At least from a capturing perspective?
Unless the Project is revived or forked, it does look that way. A bit sad as work to port it to NDIS 6 seems to have been done here https://svn.nmap.org/nmap-exp/yang/NPcap-LWF/
When capturing and exporting to .cap using Message Analyzer, Wireshark sees every packet as TZSP protocol and all are [malformed packet].
Doing same exact trace with Network Monitor 3.4, wireshark sees everything just fine.
On another note, seeing as NDIS 6.0 or higher supports 802.11 miniport drivers, I doubt Riverbed would like to see something compete with their airpcap product.

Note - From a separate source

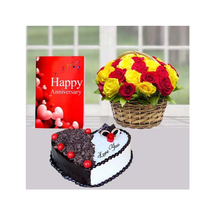 Anniversaries are a time to celebrate love, and what better way to do that than with a stunning basket of red and yellow roses? This beautiful arrangement comes with a delicious black forest heart shape cake, making it the perfect gift for your special someone. anniversary greeting card makes it complete.

Possible, but as indicated here http://stackoverflow.com/questions/17037907/the-compatibility-issue-between-ndis-version-and-windows-version The most interesting part beeing: "...Note also that it has been reported that, whilst NDIS 6 has APIs to support monitor mode, not all Wi-Fi devices have NDIS 6 drivers, not all those that do have NDIS 6 drivers have NDIS 6 drivers that support Native Wi-Fi (and thus do not have NDIS 6 drivers that support monitor mode), and even those that do have NDIS 6 drivers that support Native 802.11 don't necessarily have NDIS 6 drivers free of bugs that make the Native 802.11 stuff work well...."
I'd say there would still be a market for it.
Thank you for the very informative link!
Riverbed don't exert control over what is developed for Wireshark. That depends on the core developers under the guidance of Gerald.
Riverbed are very helpful supporters of the project though.
Ca you share the original message analyzer file and the converted cap? MS may have come up with new format tweaks.
Does this mean its the end for Wireshark on Windows? (If pcap is no longer i development)
No. It seems the current version of WinPCap does work on some builds of Win 10 preview, I suspect it may also work on the RTM.
Apart from that, work is in hand to develop a new version of WinPCap using NDIS 6.0 that will also work on Win 10.